- _DATA_:
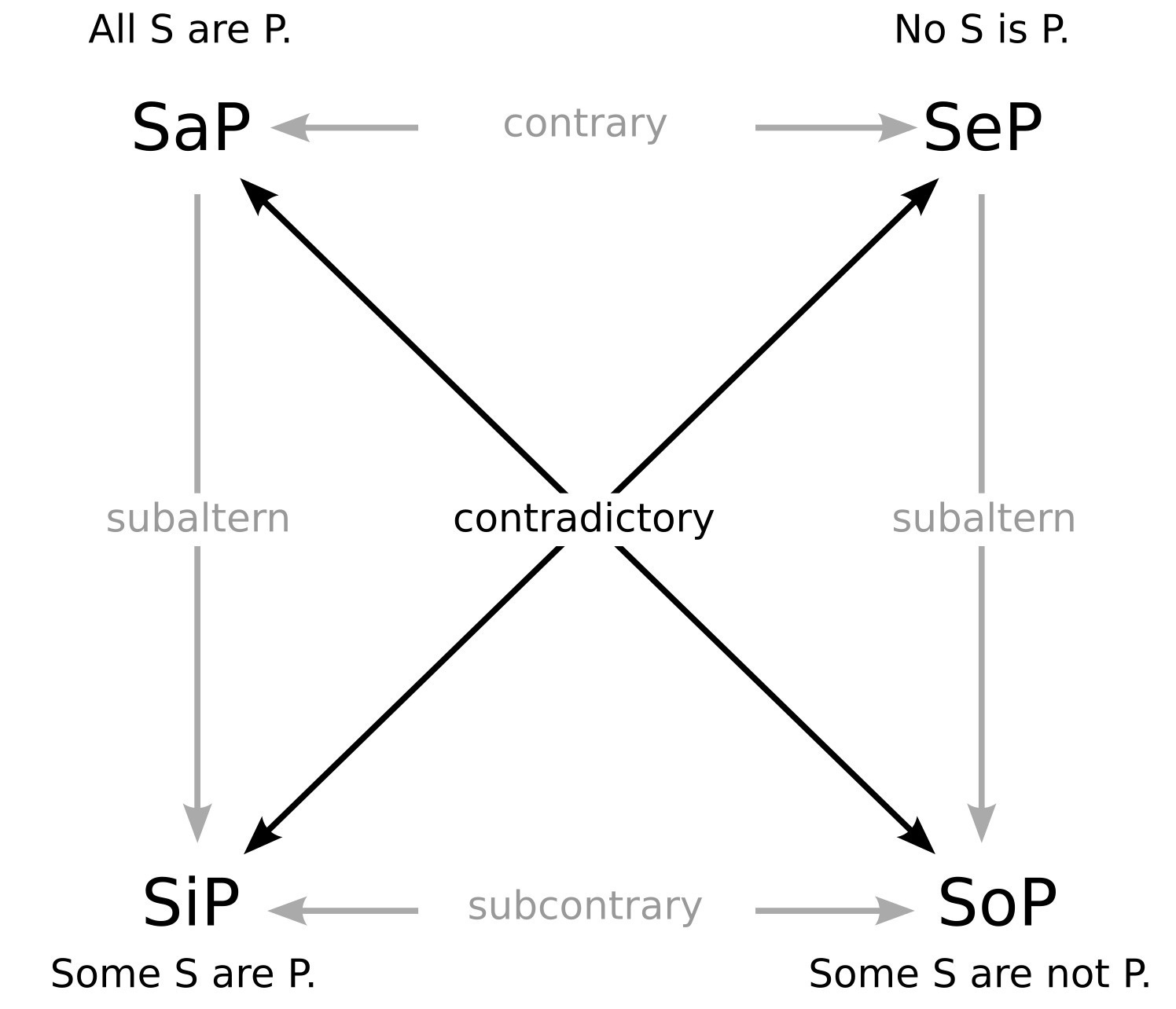 Jolivet defines opposition as “the relation between two propositions, which, having the same subject and the same predicate, have one quality or quantity that is different, or, at the same time, a quality and a quantity that are different.” (CdF) The concept of opposition is how you get the famous square of opposition shown above, where the relationship between each type of proposition is clearly delineated.
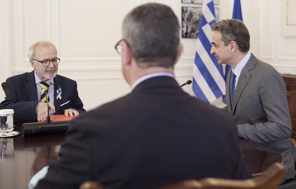 Κυριάκος Μητσοτάκης: Είναι χαρά μου που σας υποδέχομαι για μια ακόμη φορά στην Ελλάδα. Θα ήθελα να ευχαριστήσω εσάς και την Ευρωπαϊκή Τράπεζα Επενδύσεων για τη συνεχή στήριξη που έχετε προσφέρει στη χώρα και στην ελληνική οικονομία, στην πορεία της προς μια βιώσιμη ανάκαμψη. Φυσικά, όπως είχαμε την ευκαιρία να συζητήσουμε, αντιμετωπίζουμε τώρα μεγάλες ιστορικές προκλήσεις με τη ρωσική εισβολή στην Ουκρανία, καθώς και σημαντικές οικονομικές επιπτώσεις.
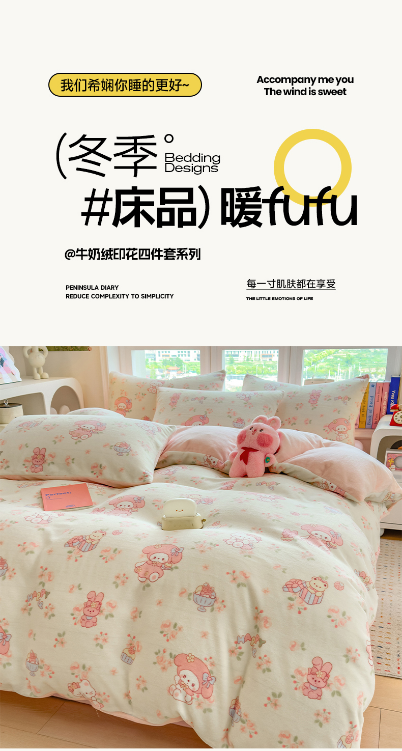 当前位置: 91家纺网 > 商品网购 > 床品套件 > 四件套 > 牛奶绒四件套 > 摩妮卡 摩妮卡 2025新款加厚款小清新牛奶绒印花四件套床单款床笠单被套 甜蜜小花

- _REQUIRED WORK_:
The answer should match the material exactly, with every picture removed.

- _TASK OUTPUT_:
 Jolivet defines opposition as “the relation between two propositions, which, having the same subject and the same predicate, have one quality or quantity that is different, or, at the same time, a quality and a quantity that are different.” (CdF) The concept of opposition is how you get the famous square of opposition shown above, where the relationship between each type of proposition is clearly delineated.
 Κυριάκος Μητσοτάκης: Είναι χαρά μου που σας υποδέχομαι για μια ακόμη φορά στην Ελλάδα. Θα ήθελα να ευχαριστήσω εσάς και την Ευρωπαϊκή Τράπεζα Επενδύσεων για τη συνεχή στήριξη που έχετε προσφέρει στη χώρα και στην ελληνική οικονομία, στην πορεία της προς μια βιώσιμη ανάκαμψη. Φυσικά, όπως είχαμε την ευκαιρία να συζητήσουμε, αντιμετωπίζουμε τώρα μεγάλες ιστορικές προκλήσεις με τη ρωσική εισβολή στην Ουκρανία, καθώς και σημαντικές οικονομικές επιπτώσεις.
 当前位置: 91家纺网 > 商品网购 > 床品套件 > 四件套 > 牛奶绒四件套 > 摩妮卡 摩妮卡 2025新款加厚款小清新牛奶绒印花四件套床单款床笠单被套 甜蜜小花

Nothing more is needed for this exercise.